Handle exceptions in BatchedSend #4135

TomAugspurger · 2020-09-28T19:57:25Z

This changes exception handling in BatchedSend.

The problem: BatchedSend.send is a regular function. What happens if we
add a message to be sent, but that send fails at a later time? In the
current structure, that exception is logged and then lost to the void.

This PR makes things a bit more robust in two ways:

For unexpected errors, we retry a few times. In
Dask tasks not being shared among workers pangeo-data/pangeo#788 manual retries did
fix the issue, so we try that here automatically.
For CommClosedErrors or repeated unexpected errors, we close the
BatchedSend object. By closing the BatchedSend after an exception,
subsequent BatchedSend.send calls will fail.

We still face the issue with a potential exception happening in the
background that aren't followed by another BatchedSend.send failing.
But I think that's unavoidable given the current design.

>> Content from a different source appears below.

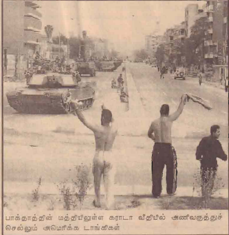
பாக்தாத்தின் மத்தியிலுள்ள கராடா வீதியில் அணிவகுத்துச் செல்லும் அமெரிக்க டாங்கிகள்

எடுத்துள்ளதாகத் தெரிவிக்கப்படுகின்றது. இதேவேளை, மேலும் 7000 யுத்தக் கைதிகளை சிறை வைத்துள்ளதாக அமெரிக்க பாதுகாப்புப் பிரிவினர் தெரிவித்துள்ளனர். இவர்களிலும் விடுதலை செய்யக் கூடியவர்கள் உள்ளனர் என்பது பற்றி ஆராய்ந்து வருவதாக அவர்கள் கூறுகின்றனர். விடுதலை செய்ய முடியாத நிலையில் உள்ளவர்களை ஈராக்கில் ஏற்படுத்தப்படவுள்ள புதிய அரசாங்கத்திடம் ஒப்படைப்பதற்கு அமெரிக்கப் படையினர் உத்தேசித்துள்ளதாகத் தெரிவிக்கப்படுகின்றது. ஜெனீவா உடன்படிக்கைக்கு அமையவே இந்த நடவடிக்கை எடுக்கப்படவுள்ளதாக அமெரிக்கா தெரிவித்துள்ளது.

I think this better addresses the root problem than #4128. #4128 may still be useful, but I'll revisit it after testing this out.

This changes exception handling in BatchedSend. The problem: BatchedSend.send is a regular function. What happens if we add a message to be sent, but that send fails at a later time? In the current structure, that exception is logged and then lost to the void. This PR makes things a bit more robust in two ways: 1. For unexpected errors, we retry a few times. In pangeo-data/pangeo#788 manual retries did fix the issue, so we try that here automatically. 2. For CommClosedErrors or repeated unexpected errors, we close the BatchedSend object. By closing the BatchedSend after an exception, *subsequent* `BatchedSend.send` calls will fail. We still face the issue with a potential exception happening in the background that *aren't* followed by another `BatchedSend.send` failing. But I think that's unavoidable given the current design.

TomAugspurger · 2020-09-28T20:27:01Z

distributed/tests/test_batched.py

+    #
+    # The reported issues (https://github.com/tornadoweb/tornado/pull/2008)
+    # claim that the BufferError *should* only happen when the application
+    # is incorrectly using threads. I haven't been able to construct an


tornadoweb/tornado#2008 (comment) may actually be relevant here. stackimpact was calling sys._current_frames(). I wonder if our profiler might be causing similar issues? Let me try playing with that. That was apparently from a signal handler though.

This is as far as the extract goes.